IOW, what's missing is a way for apps to easily identify that 'gen15a'
is the best CPU to use on the host, without needing human interaction.

I think this could be solved with a change to query-cpu-definitions
in QEMU, to add an extra 'recommended: bool' attribute to the
CpuDefinitionInfo struct.  This would be defined to be only set for
1 CPU model in the list, and would reflect the recommended CPU model
given the current version of QEMU, kernel and hardware. Or we could
allow 'recommended' to be set for more than 1 CPU, provided we define
an explicit ordering of returned CPU models.

I like the recommended: bool attribute. It should provide what we need.

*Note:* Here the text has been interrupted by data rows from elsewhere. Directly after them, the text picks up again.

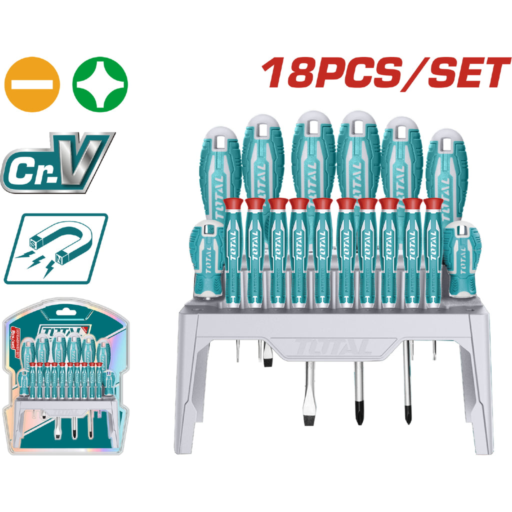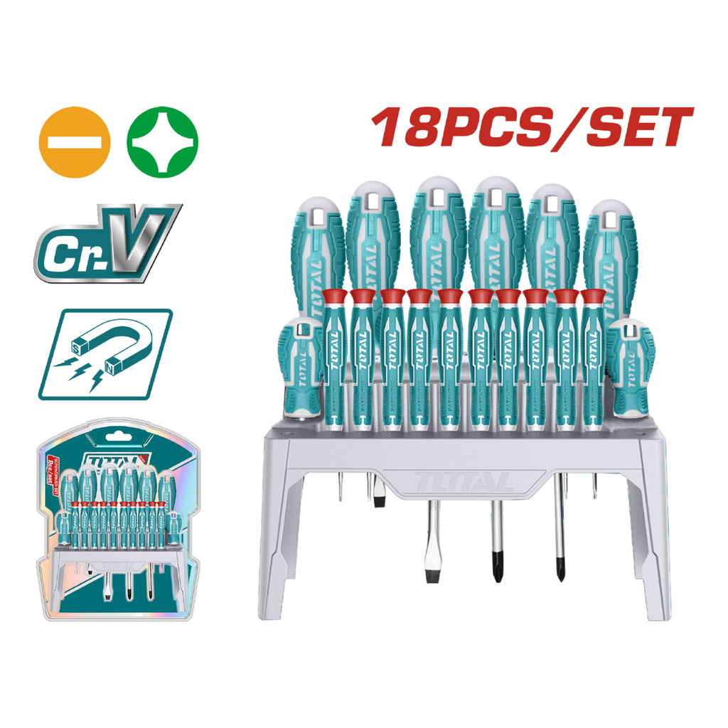 Juego de 18 piezas de destornilladores regulares y de precisión.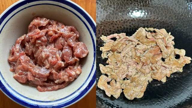 Bước 2: Thịt bò rửa sạch, dùng khăn bếp thấm khô nước rồi thái thành các lát mỏng. Cho thịt bò đã thái vào bát tô, thêm 1 thìa canh nước tương, 1 thìa canh dầu hào, một lượng bột tiêu trắng vừa đủ và 1 thìa canh bột bắp, trộn đều. Sau đó thêm chút dầu ăn, trộn đều, đậy kín và ướp khoảng 15 phút cho ngấm gia vị. Tiếp đó đun nóng chảo rồi cho một chút dầu ăn vào. Khi dầu nóng thì trút thịt bò đã ướp vào xào đến khi thịt đổi màu, lấy ra bát, để dùng sau.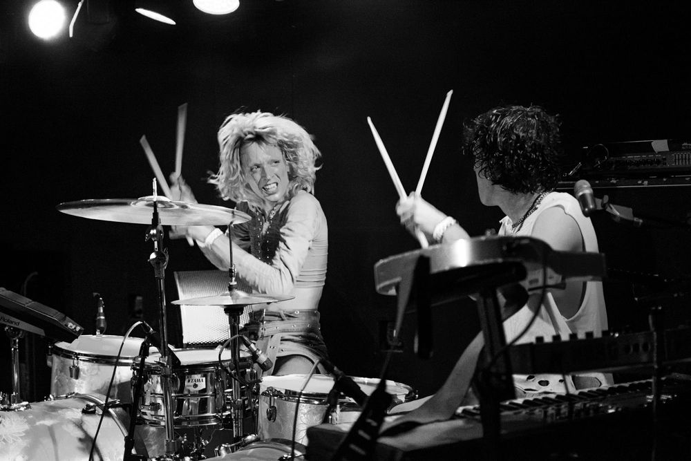 Baby Pottersmith playing the drums and spraying water out into the audience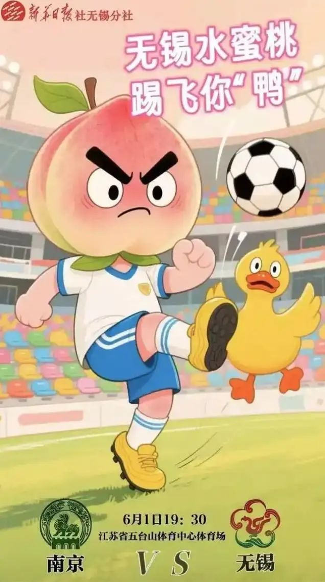 南京和无锡的比赛,变成了盐水鸭VS水蜜桃,“输了水蜜桃加盐,赢了盐水鸭加糖”。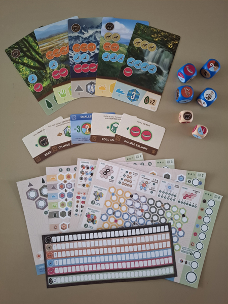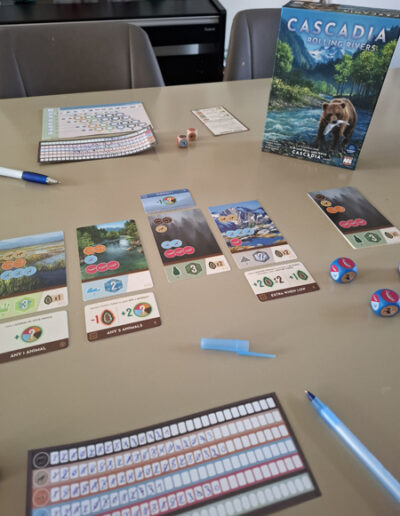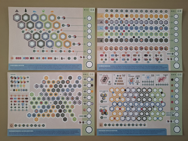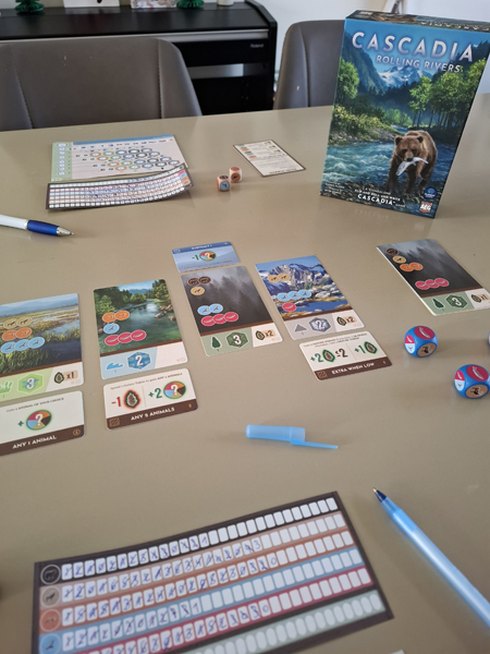 In de doos van Cascadia Rolling Rivers zitten 2 blokken met invulblaadjes: de omgevingsblaadjes en de dierenblaadjes. Op je dierenblaadje hou je bij hoeveel dieren je op elk moment in het spel van elke soort ter beschikking hebt. Met de beschikbare dieren kan je dan habitatkaarten scoren die je dan weer invult op je omgevingsblaadje. Er zijn 4 verschillende omgevingsblaadjes met elk een andere moeilijkheidsgraad en lichtjes andere invul- en scoreregels. Die regels worden allemaal, blaadje per blaadje, duidelijk uitgelegd in de spelregels. Aan het begin van Cascadia Rolling Rivers wordt gezamenlijk bepaald met welk omgevingsblaadje er gespeeld zal worden.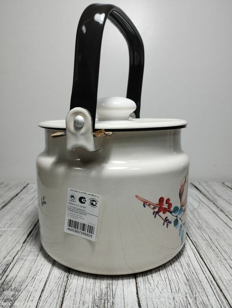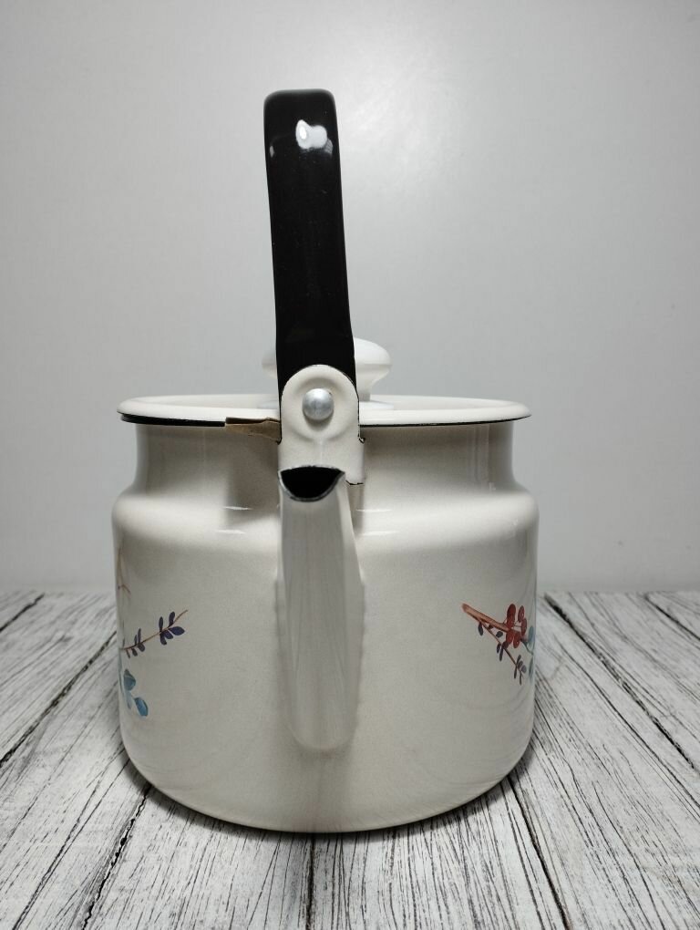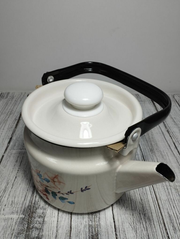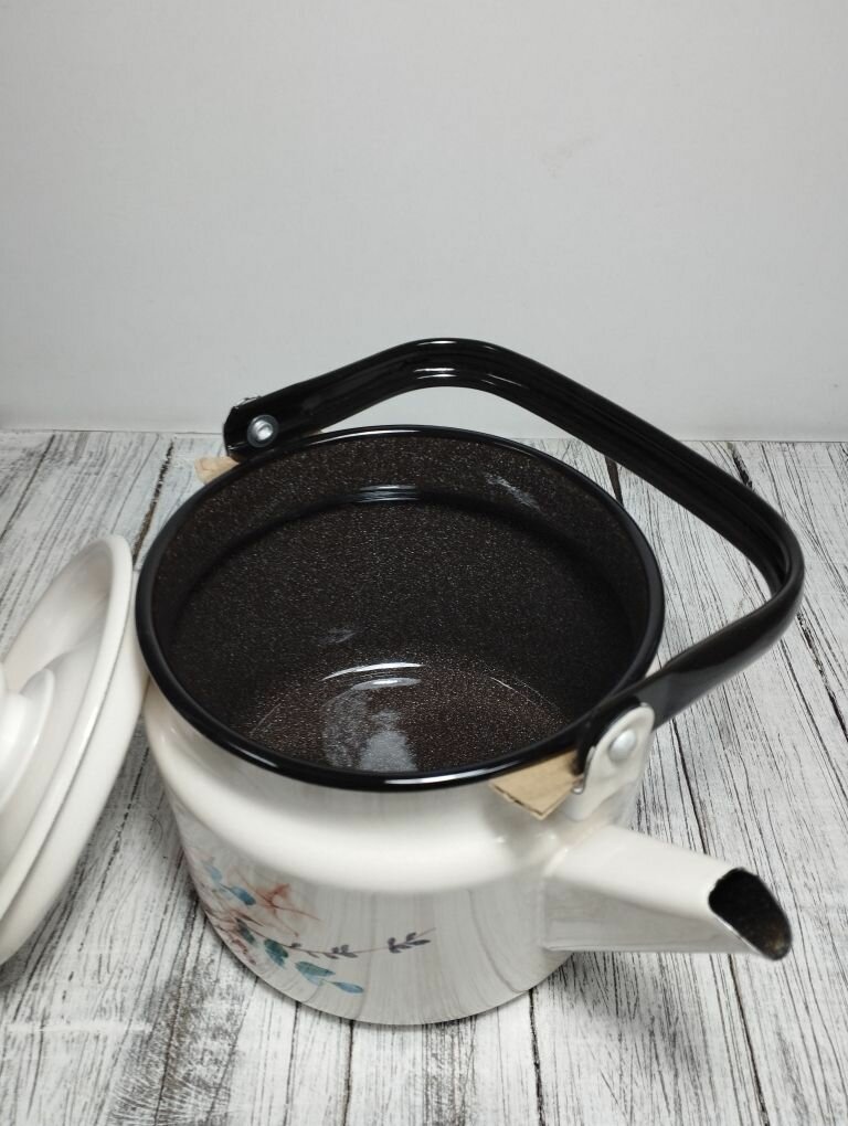 Чайник эмалированный 2 литра Лысьва белый, татьяна, подвижная ручка, все виды плит, индукция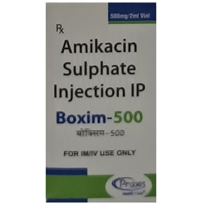 Marketer:Praxis Health Care,Composition:Amikacin (500mg), medicine_typedrugs,Packaging Detail:vial of 2 ml Injection,          Package:Vial,Qty:2 ml,Product Form:Injection, prescription_required:Prescription Required,primary_use: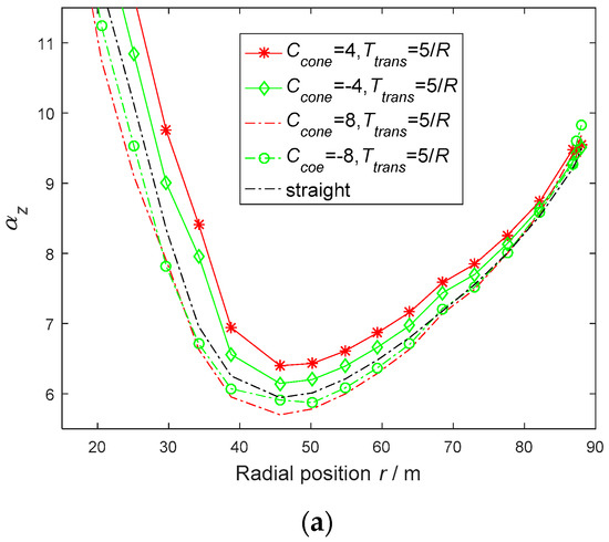 Utilizing the AAT AOA-extraction method introduced in Section 3.1.2, the αz and αn at different radial positions are compared in Figure 13. In the range of r > 2R/3, the αz and αn of C4S0 and C-4S0 nearly coincided with the straight baseline, which was consistent with the close Ft and Fz curves, as shown in Figure 11. This was because the three configurations were all without coning. What is more, C4 and C-4S1 had the same cone angle, which led to close αn distributions. Similarly, C-4 and C4S1 also had close αn distributions. In the range of R/3 < r < 2R/3, the four configurations, C4S2, C4, C4S0 and C4S1, had nearly parallel αn curves. The αn line of C4S2 was the highest, and C4, C4S0 and C4S1 had successively lower curves, which matched the successive decreases of the Ft and Fz curves in Figure 11. As discussed in Section 3.2.2, this was caused by the upstream movement of the tip positions, which made caused the blade sections to be further immersed into the wake, leading to decreases in αz and αn. In contrast, focusing on the group C-4S2, C-4, C-4S0, and C-4S1, the αn curves successively ascended with the downstream movement of the blade tips. In the range of r < R/3, C4S1 and C-4S1 had similar αz and αn distributions to the straight baseline. This was because the three configurations had the same blade tip position, although distinctly different cones appeared at r > R/3. Generally speaking, the αn distributions matched the force distributions in Figure 11. It is clear that the αn distributions can reveal the mechanism of force distributions on coned sections, even if the blades are coned into three parts. Additionally, correctly commutating αn is of vital importance for improving the traditional BEM method, although further discussion of this is beyond the scope of this paper.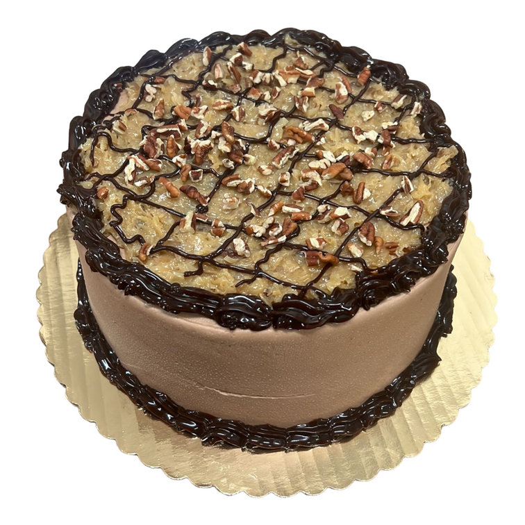 A decadent, multi-layered dessert featuring two layers of rich chocolate cake, filled and topped with a traditional German chocolate topping made of caramel, coconut, and pecans. The sides are finished with chocolate buttercream, and the cake is completed with a luscious chocolate fudge icing borders. This classic cake is known for its indulgent combination of chocolate, caramel, coconut, and pecans.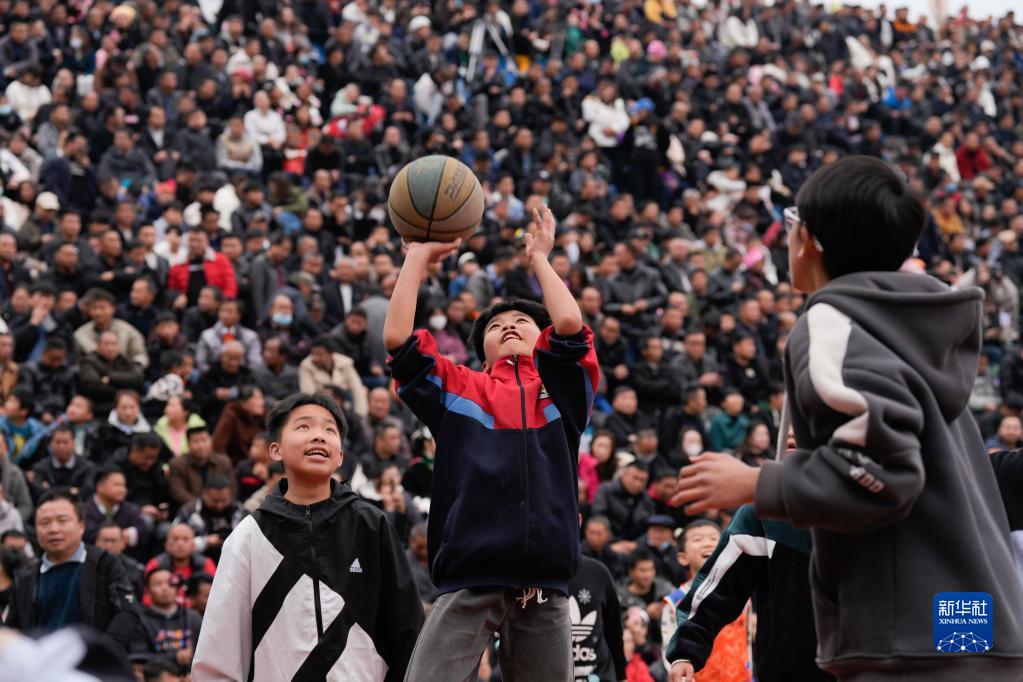 3月25日,臺盤(pán)村的小朋友在比賽前打籃球。

Would you then also suggest to use this for host-model or only for a new
type like "host-recommended" ?

Neither of those. Libvirt would simply report this attribute in
the information it exposes about CPUs.

OpenStack would explicitly extract this and set it in the XML
for the guest, so that each guest's view of "recommended" is
fixed from the time that guest is first created, rather than
potentially changing on each later boots.

Openstack is one thing, but I think this flag would really be useful
for instantiation without open stack.